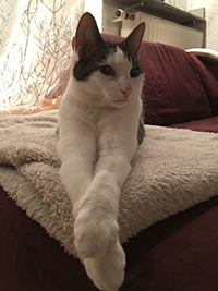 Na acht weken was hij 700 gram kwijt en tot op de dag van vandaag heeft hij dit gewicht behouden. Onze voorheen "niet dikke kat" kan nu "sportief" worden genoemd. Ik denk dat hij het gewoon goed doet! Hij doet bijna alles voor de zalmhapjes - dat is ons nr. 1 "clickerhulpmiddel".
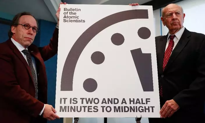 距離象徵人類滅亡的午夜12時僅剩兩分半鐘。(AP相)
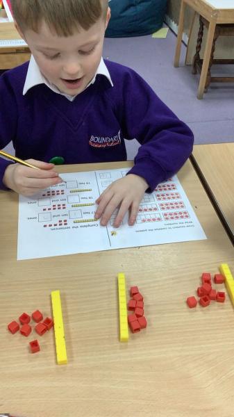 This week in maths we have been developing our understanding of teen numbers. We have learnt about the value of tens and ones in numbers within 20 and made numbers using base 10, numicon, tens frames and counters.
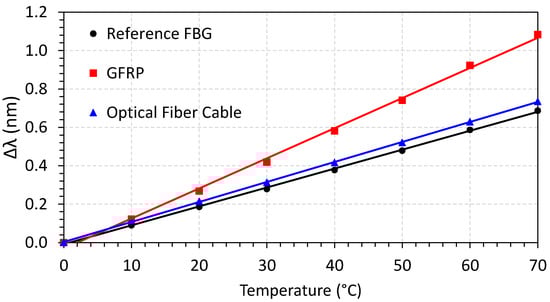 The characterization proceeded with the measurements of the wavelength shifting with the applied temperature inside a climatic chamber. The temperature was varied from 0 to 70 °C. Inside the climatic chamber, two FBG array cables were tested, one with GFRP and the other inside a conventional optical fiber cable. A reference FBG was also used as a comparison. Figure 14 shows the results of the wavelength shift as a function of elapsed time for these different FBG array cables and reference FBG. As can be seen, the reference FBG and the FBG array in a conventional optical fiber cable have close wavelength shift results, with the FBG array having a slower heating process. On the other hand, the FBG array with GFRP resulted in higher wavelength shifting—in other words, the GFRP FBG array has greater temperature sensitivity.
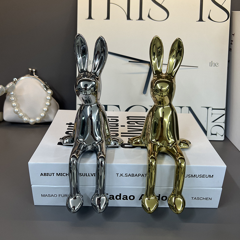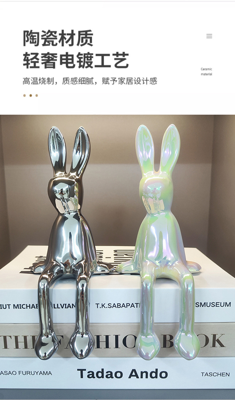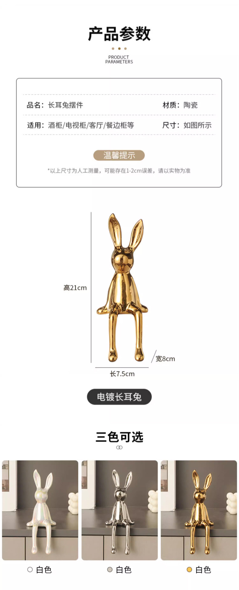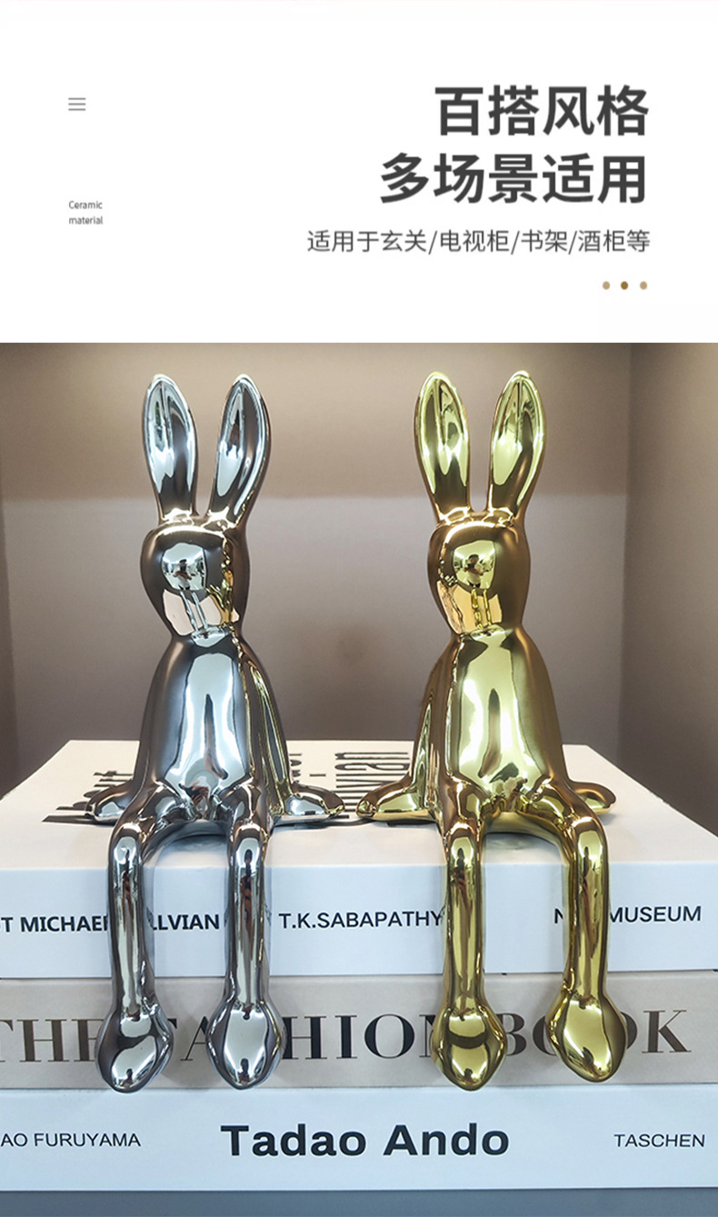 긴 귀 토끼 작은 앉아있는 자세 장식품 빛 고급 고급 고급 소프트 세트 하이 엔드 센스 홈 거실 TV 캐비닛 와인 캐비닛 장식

------------------------

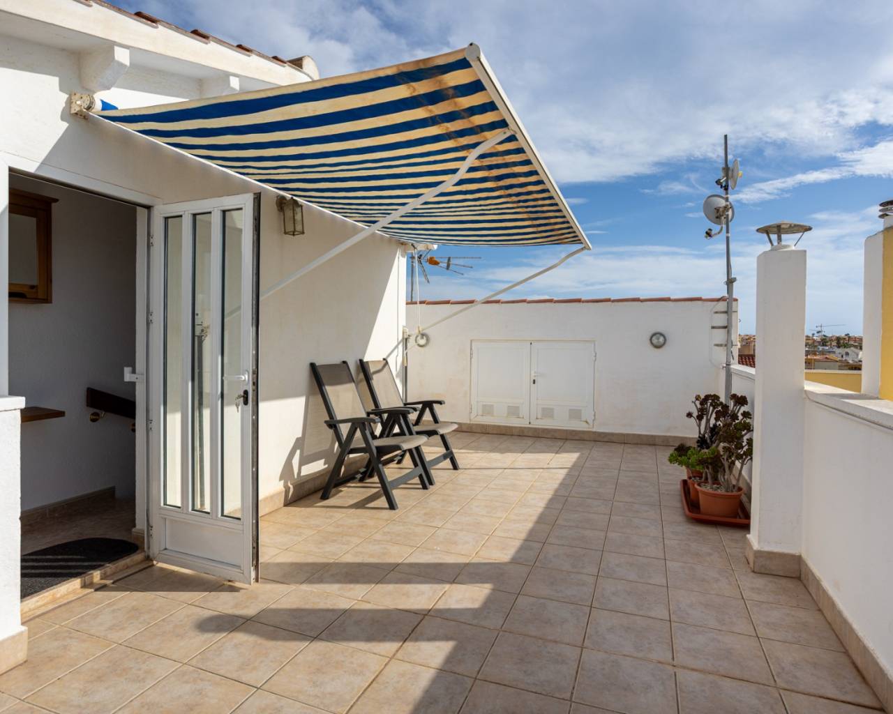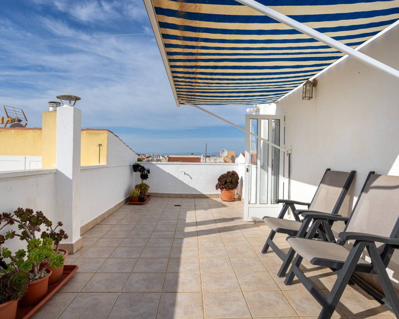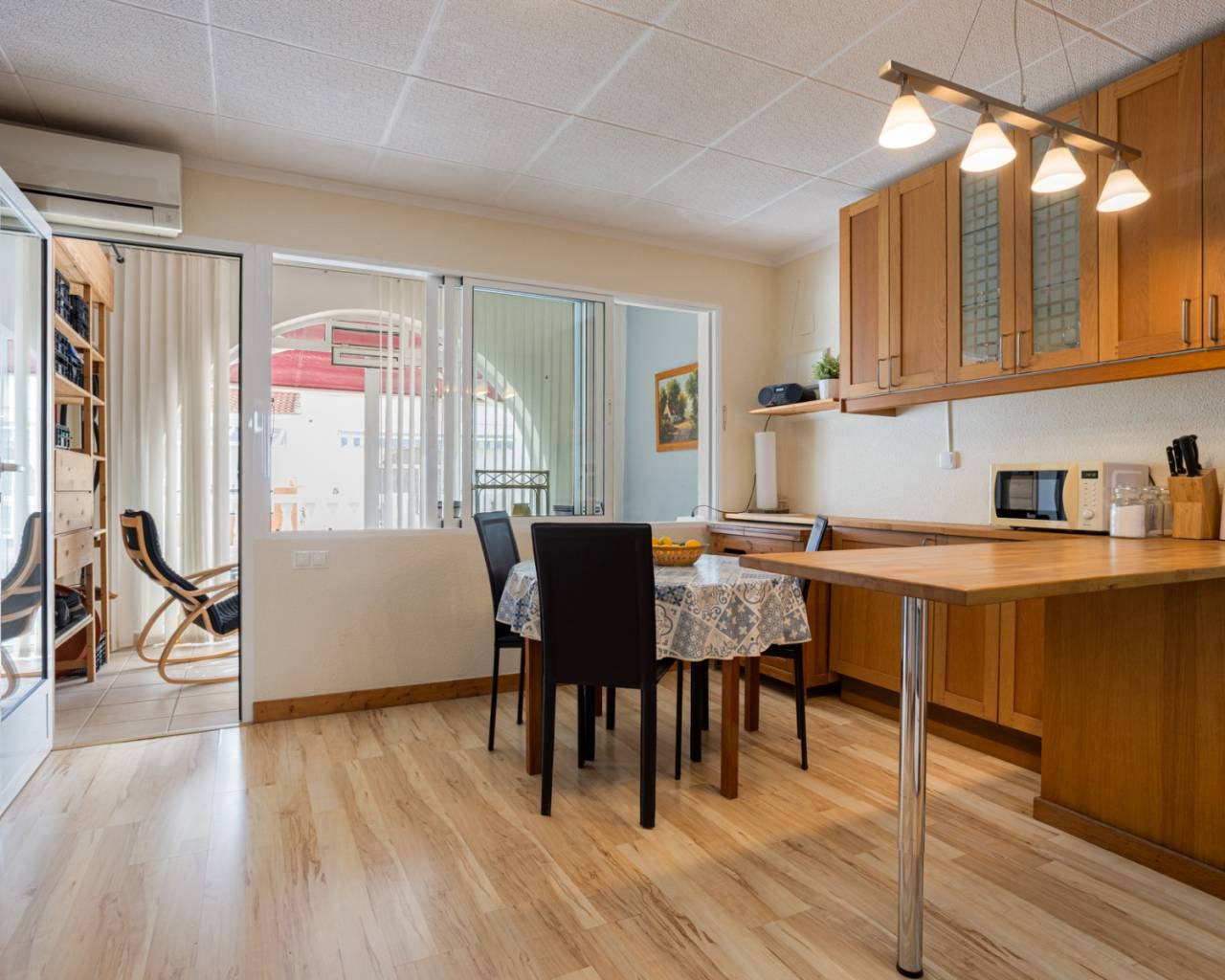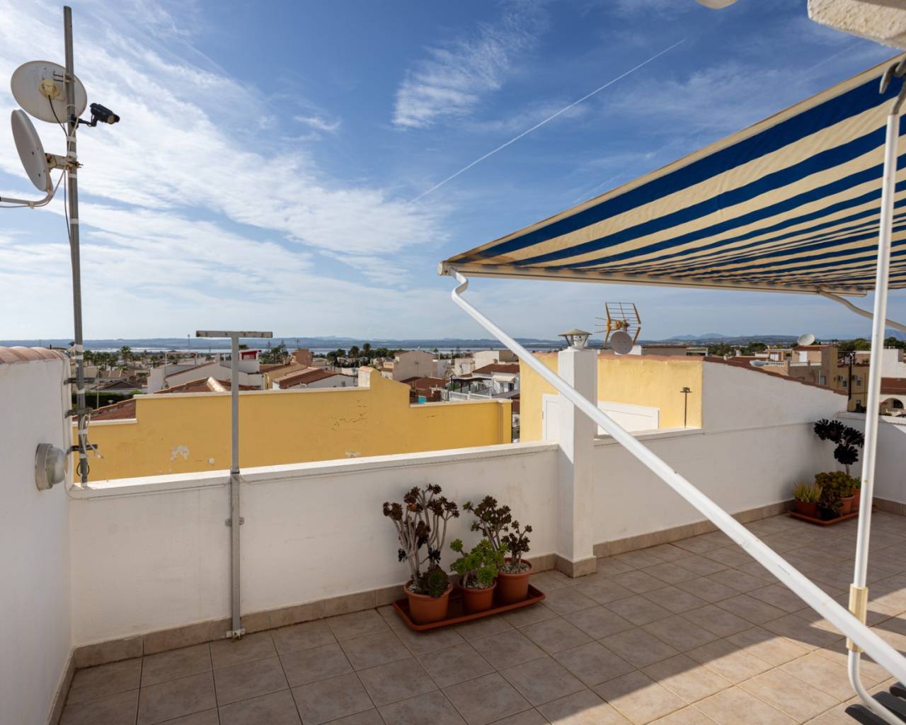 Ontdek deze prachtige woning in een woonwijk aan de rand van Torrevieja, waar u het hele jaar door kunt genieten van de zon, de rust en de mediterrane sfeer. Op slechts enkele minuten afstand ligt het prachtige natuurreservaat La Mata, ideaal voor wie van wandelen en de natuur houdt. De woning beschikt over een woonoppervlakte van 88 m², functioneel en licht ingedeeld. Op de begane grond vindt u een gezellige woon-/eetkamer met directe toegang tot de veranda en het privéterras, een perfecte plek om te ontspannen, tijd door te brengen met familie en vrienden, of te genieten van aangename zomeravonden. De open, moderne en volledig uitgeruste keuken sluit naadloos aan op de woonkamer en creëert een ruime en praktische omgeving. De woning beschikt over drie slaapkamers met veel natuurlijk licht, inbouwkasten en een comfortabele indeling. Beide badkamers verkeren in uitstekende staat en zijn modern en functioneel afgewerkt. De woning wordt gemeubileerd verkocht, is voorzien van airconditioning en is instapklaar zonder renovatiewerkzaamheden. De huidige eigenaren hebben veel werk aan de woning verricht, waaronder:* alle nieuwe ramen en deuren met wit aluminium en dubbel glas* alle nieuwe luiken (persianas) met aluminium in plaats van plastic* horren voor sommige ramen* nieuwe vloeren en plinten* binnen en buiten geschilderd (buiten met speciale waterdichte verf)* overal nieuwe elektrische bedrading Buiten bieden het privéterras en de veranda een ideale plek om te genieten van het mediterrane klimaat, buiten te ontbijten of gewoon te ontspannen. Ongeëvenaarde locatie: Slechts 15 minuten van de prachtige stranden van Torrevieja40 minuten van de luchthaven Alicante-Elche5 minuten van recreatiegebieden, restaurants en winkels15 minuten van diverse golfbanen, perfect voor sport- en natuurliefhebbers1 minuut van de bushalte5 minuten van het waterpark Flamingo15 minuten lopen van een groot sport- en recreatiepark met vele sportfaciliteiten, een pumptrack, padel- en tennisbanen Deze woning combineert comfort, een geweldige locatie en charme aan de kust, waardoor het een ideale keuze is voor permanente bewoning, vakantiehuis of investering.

------------------------

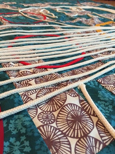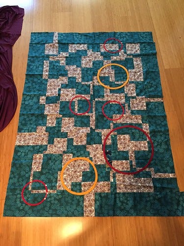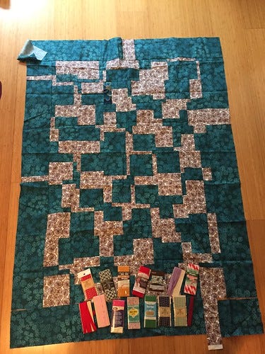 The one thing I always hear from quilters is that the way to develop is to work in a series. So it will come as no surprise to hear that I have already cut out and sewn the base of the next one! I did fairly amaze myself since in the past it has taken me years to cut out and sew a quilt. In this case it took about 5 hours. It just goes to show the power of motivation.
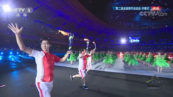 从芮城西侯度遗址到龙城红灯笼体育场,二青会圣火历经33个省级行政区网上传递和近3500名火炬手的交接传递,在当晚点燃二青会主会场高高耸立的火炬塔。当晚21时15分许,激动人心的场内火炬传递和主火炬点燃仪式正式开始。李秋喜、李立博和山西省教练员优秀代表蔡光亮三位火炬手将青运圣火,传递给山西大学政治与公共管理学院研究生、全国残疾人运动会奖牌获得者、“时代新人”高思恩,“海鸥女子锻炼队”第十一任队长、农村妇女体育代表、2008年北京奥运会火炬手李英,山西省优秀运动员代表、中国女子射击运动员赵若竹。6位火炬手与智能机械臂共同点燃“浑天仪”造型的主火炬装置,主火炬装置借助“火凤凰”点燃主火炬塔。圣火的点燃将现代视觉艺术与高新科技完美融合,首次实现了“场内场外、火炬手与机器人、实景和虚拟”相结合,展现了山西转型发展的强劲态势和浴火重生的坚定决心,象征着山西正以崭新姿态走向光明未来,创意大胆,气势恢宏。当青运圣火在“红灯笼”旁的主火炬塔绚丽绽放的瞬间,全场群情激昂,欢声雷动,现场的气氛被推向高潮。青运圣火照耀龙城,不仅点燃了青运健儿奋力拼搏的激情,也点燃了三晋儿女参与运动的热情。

------------------------

Find where the line with "Na acht weken" sits in the material above and where the line with "This week in" sits. Set down exactly the lines from the first to the second, both included and nothing else, without pictures.

 Na acht weken was hij 700 gram kwijt en tot op de dag van vandaag heeft hij dit gewicht behouden. Onze voorheen "niet dikke kat" kan nu "sportief" worden genoemd. Ik denk dat hij het gewoon goed doet! Hij doet bijna alles voor de zalmhapjes - dat is ons nr. 1 "clickerhulpmiddel".
 距離象徵人類滅亡的午夜12時僅剩兩分半鐘。(AP相)
 This week in maths we have been developing our understanding of teen numbers. We have learnt about the value of tens and ones in numbers within 20 and made numbers using base 10, numicon, tens frames and counters.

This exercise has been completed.